The ‘Affordable Housing Balance’ Just Keeps Getting Worse”

SF Examiner, April 7, 2016


The third “Housing Balance Report” from the City Planning Department was quietly released last week, coincidentally one day before April Fool’s Day and one week before a Planning Commission hearing today. And the punchline is … wait for it … the citywide housing balance of net new affordable housing from 2006 through 2015 is down to 13 percent. The last report in September had it at 15 percent, the July report before that was at 16 percent. The trend line is pretty clear. Overheated real estate development cycle, declining percentage of affordable housing.

And what is being built currently? Wait for it … only 14 percent of all new development now under construction or with active building permits will be affordable to anyone earning less than 120 percent of median income (a San Franciscan earning less than $85,000 per year). And for most market-rate housing today, you have to earn much, much more than $85,000. This bleak news comes at a time while San Francisco is experiencing one of its worst gentrification cycles in history.

Looking even further ahead to the next round of development — based on the entitlement “pipeline” of projects, the Housing Balance Report shows a whopping 15 percent affordable housing (the report does note that this number may increase if more developers commit to provide on-site inclusionary units in their projects).

And the problem is not just about production — these Housing Balance Report numbers make clear how the loss of protected rental units completely undermines The City’s efforts to build more affordable housing. More than 4,100 housing units have been removed from the affordable housing supply over the last ten years through condo conversions, demolitions, owner move-in evictions, Ellis Act evictions and other means (not including tenant “buyouts” which are dramatically on the rise as well). Across The City there is a ratio of three existing units lost for every four new affordable units produced. At a more local level, the affordable housing balance is actually negative in nine out of the 15 neighborhood-level “planning districts”! If the upward trend of evictions and lost protected rental units continues, that already-paltry 15 percent projected housing balance may be eroded even further.

Is there any wonder why we have a housing affordability crisis in San Francisco?
Across The City there is a great need to correct that imbalance of low and moderate/middle income housing for San Franciscans compared to the rate of market-rate housing production.
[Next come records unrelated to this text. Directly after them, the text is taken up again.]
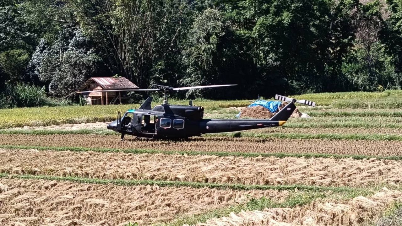 แม่ฮ่องสอน ชาวบ้านแตกตื่น เฮลิคอปเตอร์ ทหาร ลงจอดฉุกเฉินกลางทุ่งนา หน่วยงานต้นสังกัดชี้แจง กำลังกลับจากบินไปส่งสัมภาระให้หน่วยปฏิบัติตามแนวชายแดน อ.ขุนยวม /อ.แม่สะเรียง อยู่ระหว่างดำเนินการหาสาเหตุ
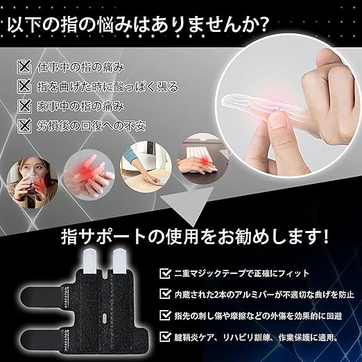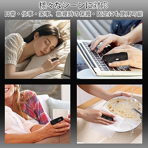 【様々なシーンで活躍】:指サポーターの外観は黒色デザインを採用しています。身につけても目立たずスタイリッシュ。日常生活で気兼ねなく使用でき、仕事、勉強、スポーツ、家事など様々な場面に適しています。
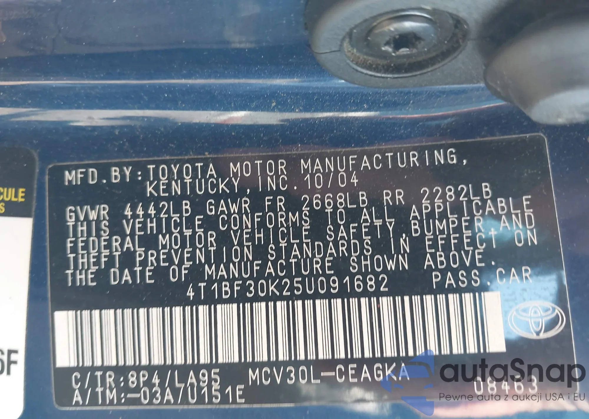 Samochód Toyota Camry 2005 (VIN 4T1BF30K25U091682) nie był wcześniej licytowany. Dokumenty są czyste, przebieg odpowiada lub jest niższy niż średnia rynku. Sprzedaje go firma ubezpieczeniowa – polecamy zakup. Dostawa do portu zajmie ok. 6–8 tygodni.
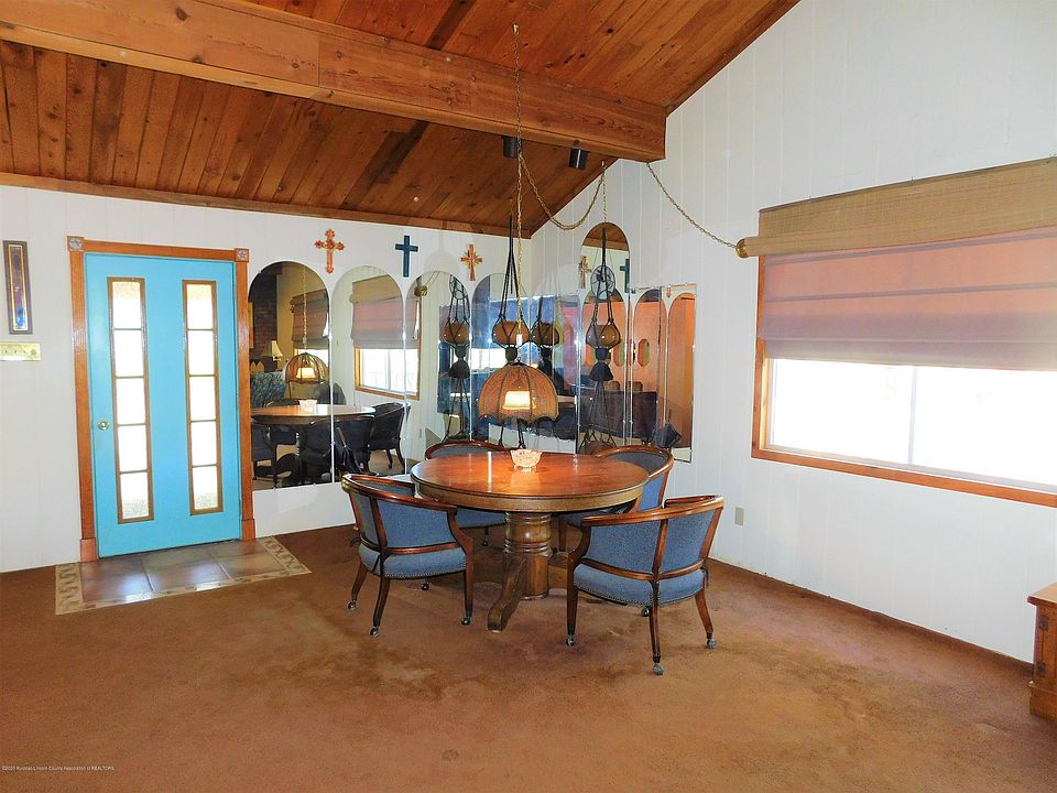 Unique home with lots of character! Large 4 bedroom 4 bath home selling fully furnished. Beautiful wood accents throughout. Level 0.78 acre lot with a large two car garage. Just seconds away from the Inn of the Mountain Gods. Home is split into two levels with two bedrooms and baths upstairs and two bedrooms and baths downstairs. Lots of room for the entire family or would make a great nightly rental with a great location!
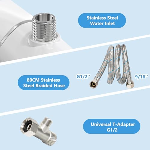 - 💦【NO LEAKAGE】- Unlike the cheap plastic inlet of other products, BYRISON Toilet bidet is uniquely equipped with a durable, high-quality brass inlet that will stay with you for a long time. The 80CM stainless steel hose and the standard G1/2 brass T-adapter make the whole connection more tight. If the hose is not long enough when you install it, please contact us, we have spare 2m hose available.
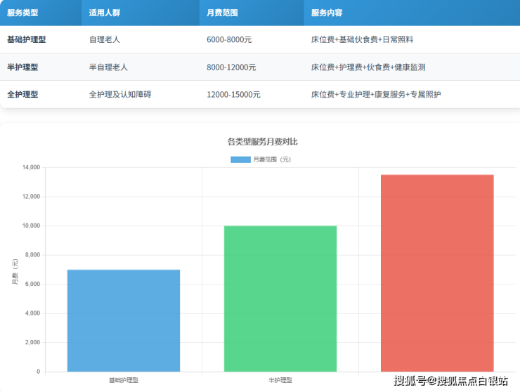 全护理型:12000-15000元/月,面向失能及认知症群体,提供24小时医疗监护与个性化照护方案。
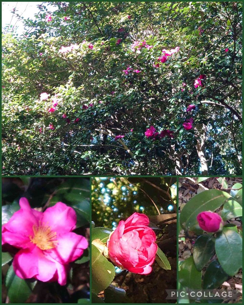 ④森の中では赤いサザンカの花がめだちました。見上げるほど大きな木です🙄😍❤️
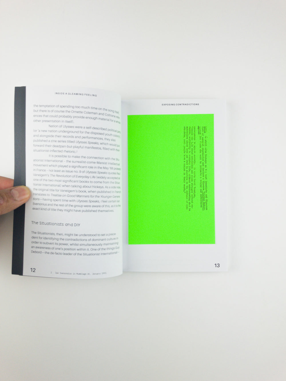 Inside a Gleaming Feeling is a slender collection of texts commodious in scope, constantly inhabiting the paradoxes and contradictions at which it points its compass, or - in the case of the metamodernist metaphor cited in the chapter for a while now, I’ve at least had a sense that whatever it is I am living is not something that is entirely resolved by the usual categories I have inherited - the pendulum oscillating between “innumerable poles”. Not with an exhausted drag from one portal, gate, debate, stage, screen or field to the next, but a delicate gathering force in dialogue with the present and its permutations. The texts gathered here enact an intersectional feminist praxis, a commitment to show all sides of this potent dodecahedron called ~culture. Craig’s is a goal not of placing this apart from that in binaried opposition, but tracing the threads and their interlopers, the ways in which they fold, crack, and foreground “fissures of possibility”. Read its title Inside a Gleaming Feeling as its “feeling structure”, a phrase which by the author’s own confession made its first attempt at utterance as a line which never made it into a song, could not be smoothly patterned in, but poses a fitting fly poster to read this book with. To gleam is to “shine brightly, especially with reflected light” and so the question leans: how is it even possible to be inside a reflection, fleeting brief and shiny? This contradictive something at the tip of the tongue is the positive inarticulation of the hook or the hashtag, bobbing its head to the rhythm of “paradox as constitutive to contemporary experience.”
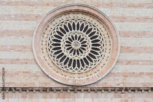 Assisi Santa Chiara Basilica Facade Rose Window Detail, Italy
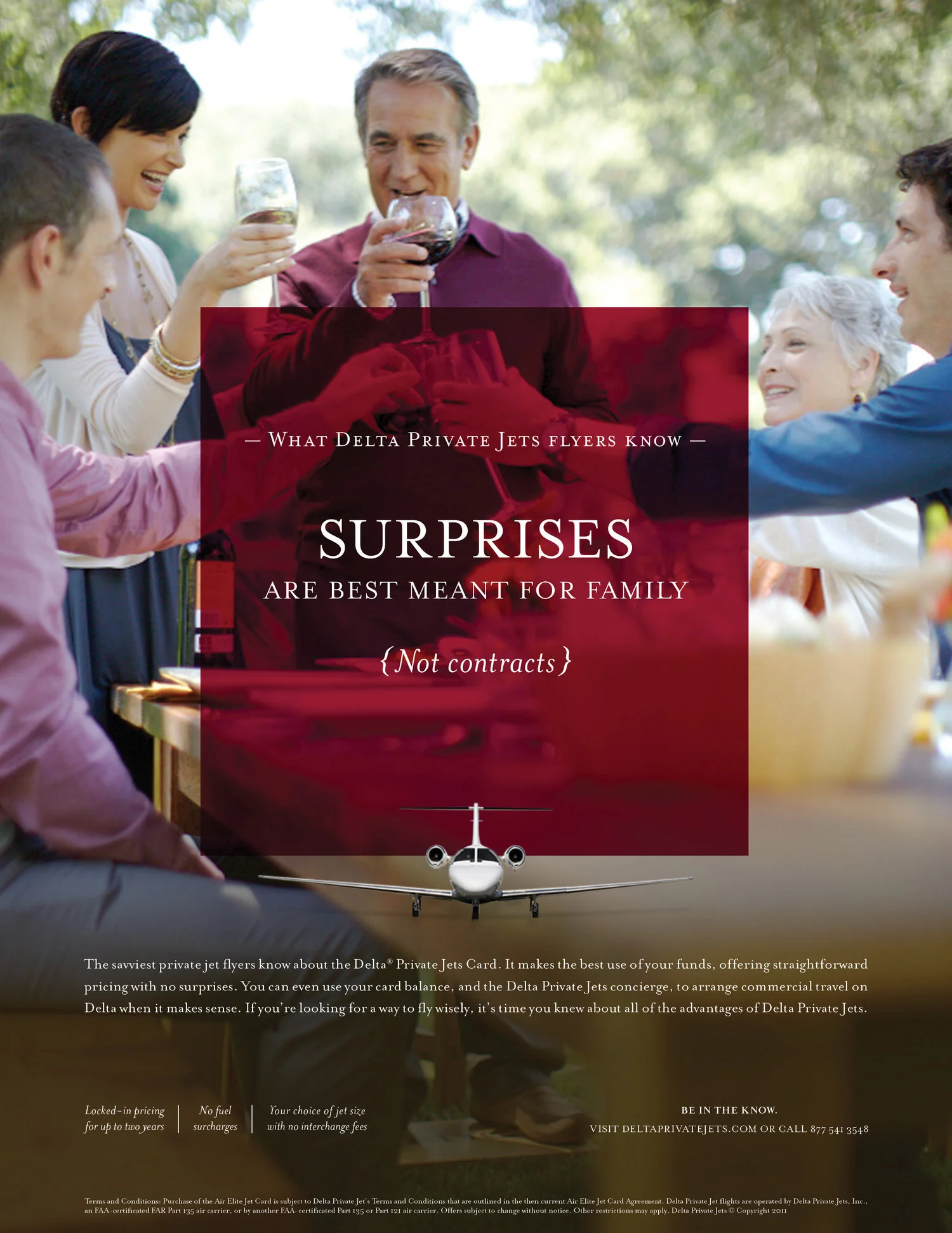 "What Delta Private Jets flyers know" was the basis for truths that this audience understood, and our headlines meshed with the unique benefits of a Delta Private Jets Card.
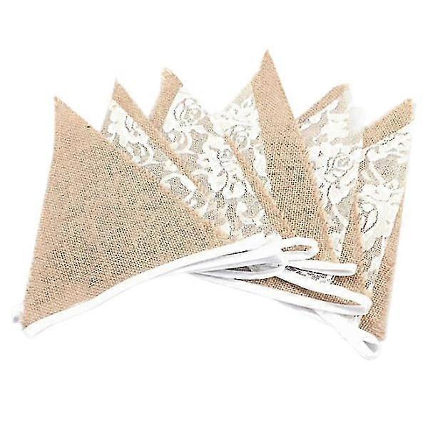 Pennant banner in linen and burlap with lace flowers, wedding party, cafe decor Elik
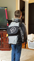 Jim and JT did errands on Saturday and came home with a new hitting helmet and a backpack to keep it in.Â
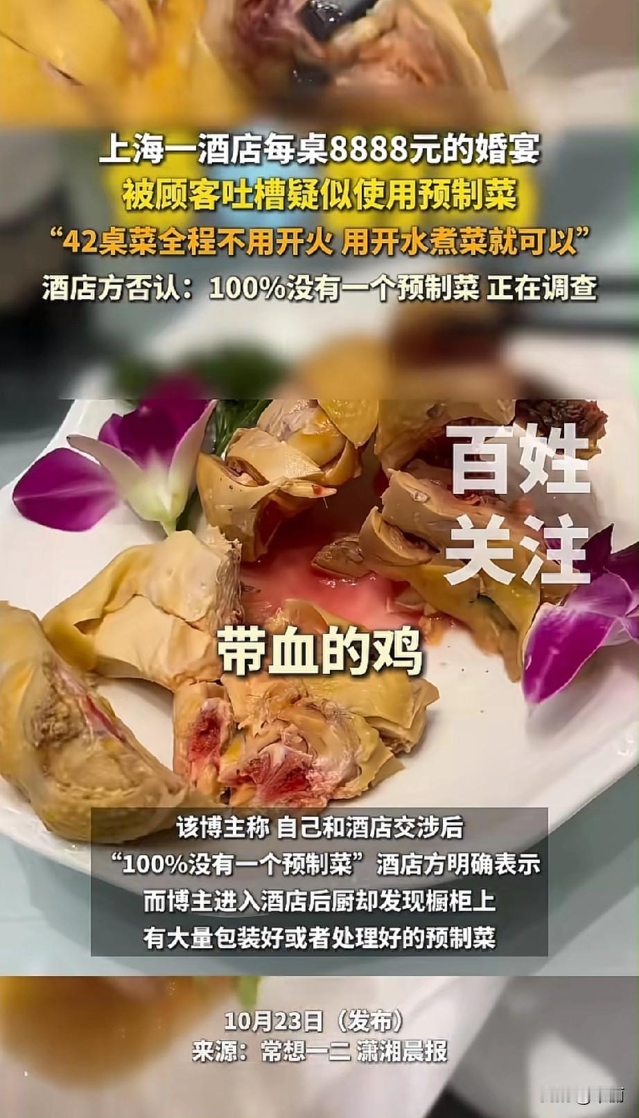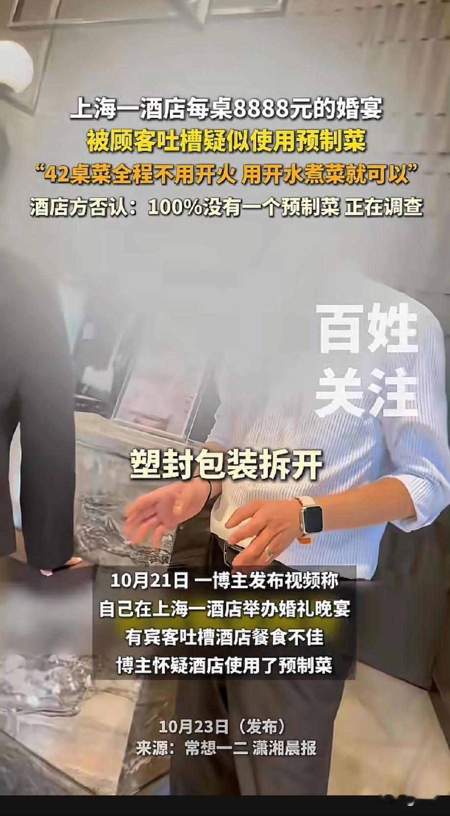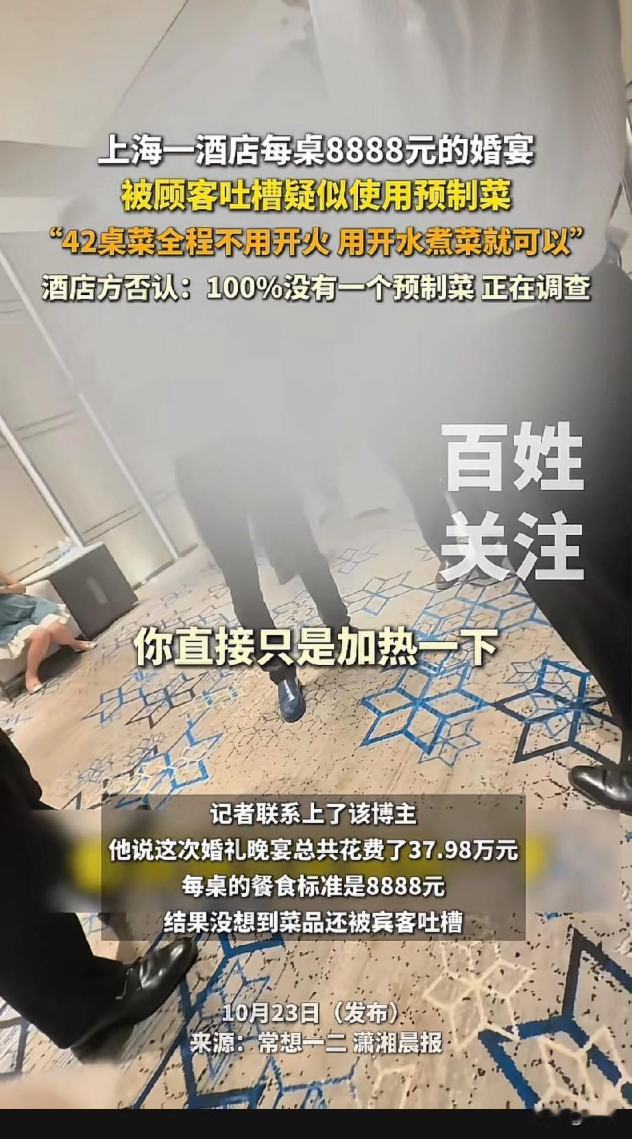 上海中优城市万豪酒店,博主花37.98万办婚宴,每桌8888元。宾客吐槽菜难吃,怀疑是预制菜。 博主找酒店对质,对方说“100%没有一个预制菜”。结果他进后厨,看见橱柜里全是包装好的预制菜,菜单上的德国咸猪手、八宝饭都在里面。新鲜虾换成了冷冻熟虾,马蹄笋也是预制的,海鲜贝壳空壳没肉,白切鸡还带血水。 博主发视频曝光,反被酒店发律师函,说他“发布不实言论”,要他删视频道歉。 记者问酒店,客服不回应,宴会厅说在调查。现在市场监管已经介入核查了。 8888元的标准,花的是现做菜的钱,拿到的却是预制菜,还不提前说。消费者有权知道吃的啥,这种不透明太坑人,坐等调查结果给个说法 。

And we are far behind the goal of minimum 33 percent affordable housing set by the voters in Proposition K back in 2014 and way, way, way behind the actual need of 57 percent affordable housing per The City’s General Plan Housing Element, based on job growth projections across the income spectrum.

There are a lot of numbers thrown around these days about housing goals and aspirations of an affordable city for all. But the numbers here are a reality check, and they are sobering. All is clearly not well in the housing “market.” Here in this Housing Balance Report authored by the Planning Department we have the real story. This is from The City’s own building permit data, and The City’s own planning pipeline data, and The City’s own rent board data. It doesn’t get more truthful than this. Thirteen percent affordable and dropping! We as a city have a real job to climb back out of this hole.

Peter Cohen and Fernando Martí are co-directors of the Council of Community Housing Organizations.